The alcohol disorder zones will probably be used only as a last resort, because town and city councils will want to try to solve any problem with the industry before declaring such a zone. Obviously, it would not do much for the image of a town to admit that creating such a zone was the only way of solving the problem, but it is nevertheless a useful power of last resort for councils.

I also urge Ministers to look carefully at some of the existing powers. Exclusion orders exist under the present law, for example. They allow anyone convicted of a violent offence in a pub to be excluded not only from the pub in question but from others within a certain distance, if the magistrates so wish. I and others have urged Home Office Ministers for some time to ask magistrates to consider automatically imposing an exclusion order in such circumstances. That move is backed by publicans and the trade unions that represent people working in pubs.

I want to return to the fundamental point about whether we should postpone the introduction of more flexible hours or experiment with them, as the hon. Member for Bath and others have suggested. I am against experiments or pilots because I cannot imagine anything worse than having just six or seven towns or cities being given the authority for much later licensing. Some young British people behave badly on holidays abroad because they regard drinking after 11 pm as exceptional and different. Pilot schemes here could have the same effect.

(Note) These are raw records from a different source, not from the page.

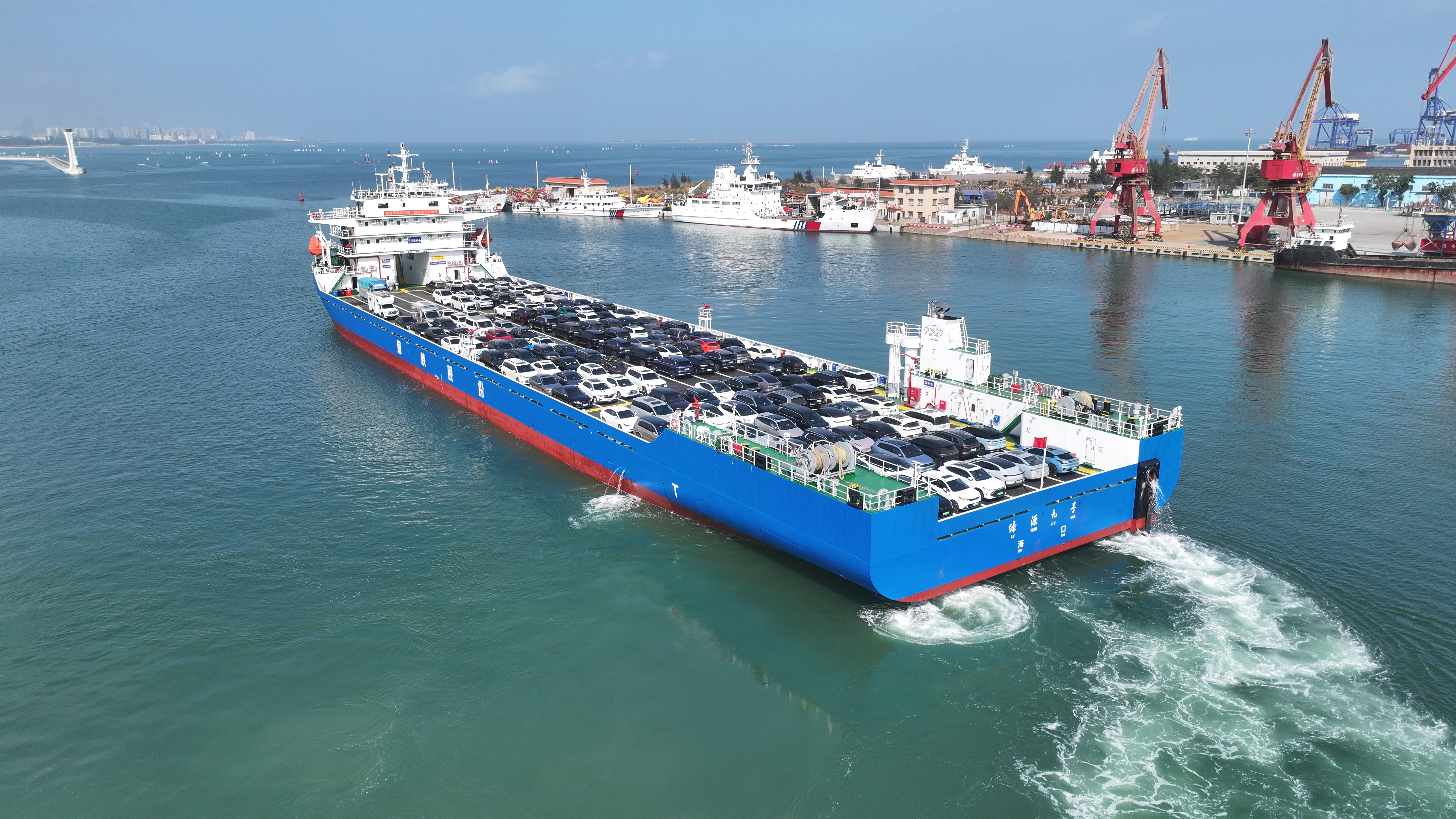 琼州海峡新能源车过海高效顺畅,快跟着记者体验车辆登船全过程
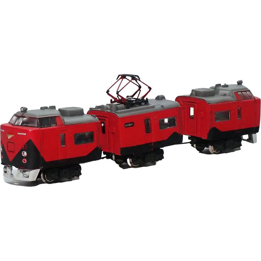 車両について:ミニミニトレイン3両連結(485系 あかべぇ編成 特急あいづ風)ミニミニトレインは石川氏特製の超小型車両で、ボタン電池(LR44を2個使用)を内蔵して自走。電池のセットで走行開始、電池取り外しで停止。速度調整はできません。TOMIXのスーパーミニカーブレールはもちろん、R40相当の急カーブも走行可能。(写真はイメージでレールは含みません)走行用にLR44を2個お付けしてご用意。到着後すぐにお楽しみいただけます。
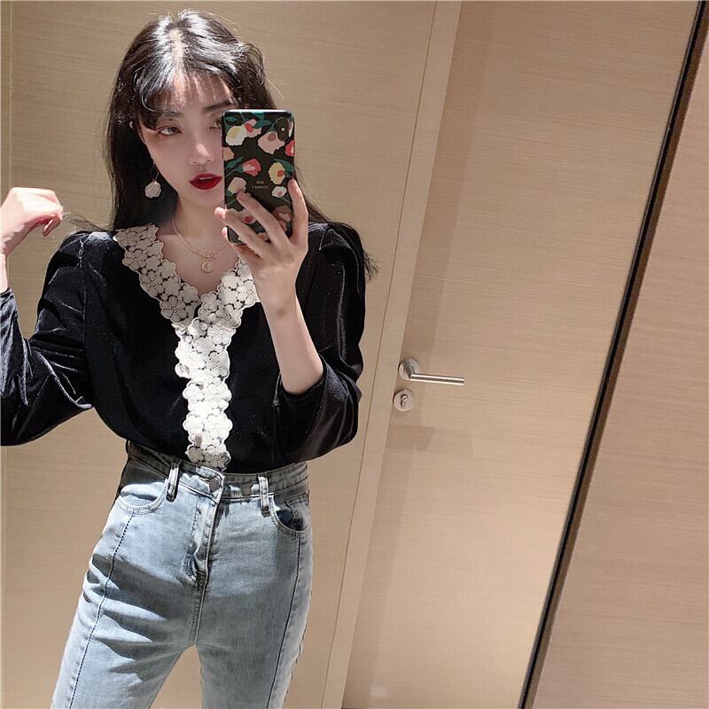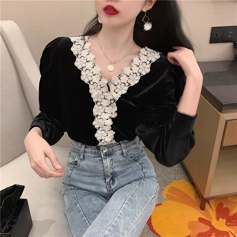ベルベットシャツ スプリングVネックルーズレースブラウス スタンダードスタイル ロング レトロ 春物 セブンプリンセス57677711459
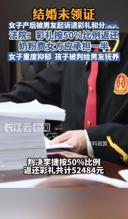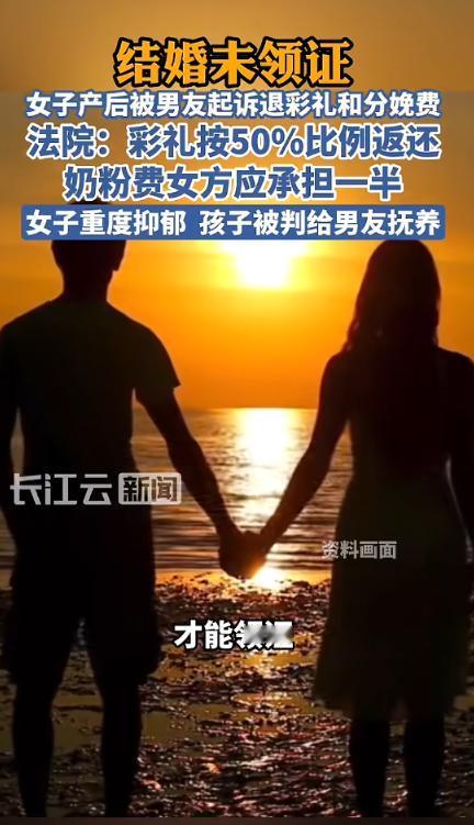 (信息来源:长江云新闻《结婚未领证,女子产后被男友起诉退彩礼和分娩费,法院:彩礼按50%比例返还,奶粉费女方应承担一半。女子重度抑郁,孩子被判给男友抚养》)
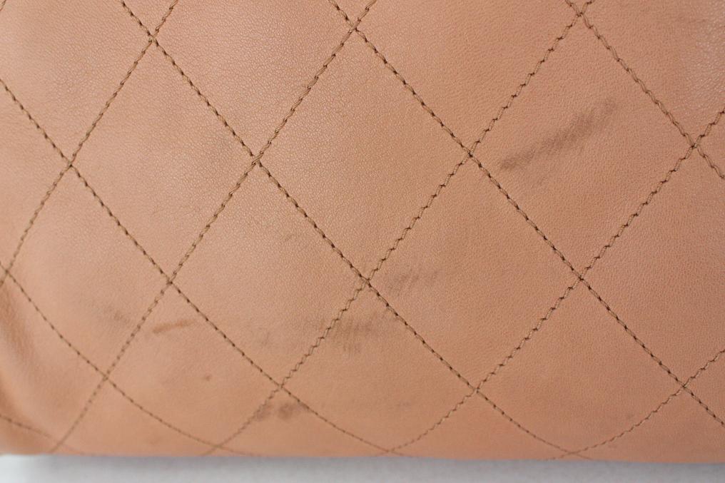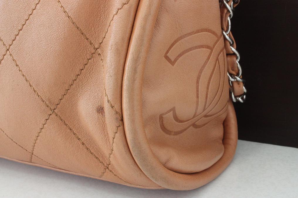 シャネルのラムスキンは非常に柔らかくデリケートなので、擦れて傷が付きやすいです。擦れ傷が出来た場合は染色補正にて見栄えを良く致します。

We suffer from a similar effect in parts of central London, where people think that they can behave badly because late night drinking is outside the norm. It should be very much the norm to be able to have a drink after 11 pm in civilised circumstances if people are behaving well. There should be nothing wrong with that. It will take a while to change our drinking culture, which goes back a long way, but that principle is an important one. I am anxious, as is the Police Superintendents Association, to give councils—which are much better placed than magistrates to deal with these matters—these powers urgently, so that we can regulate our night-time economy.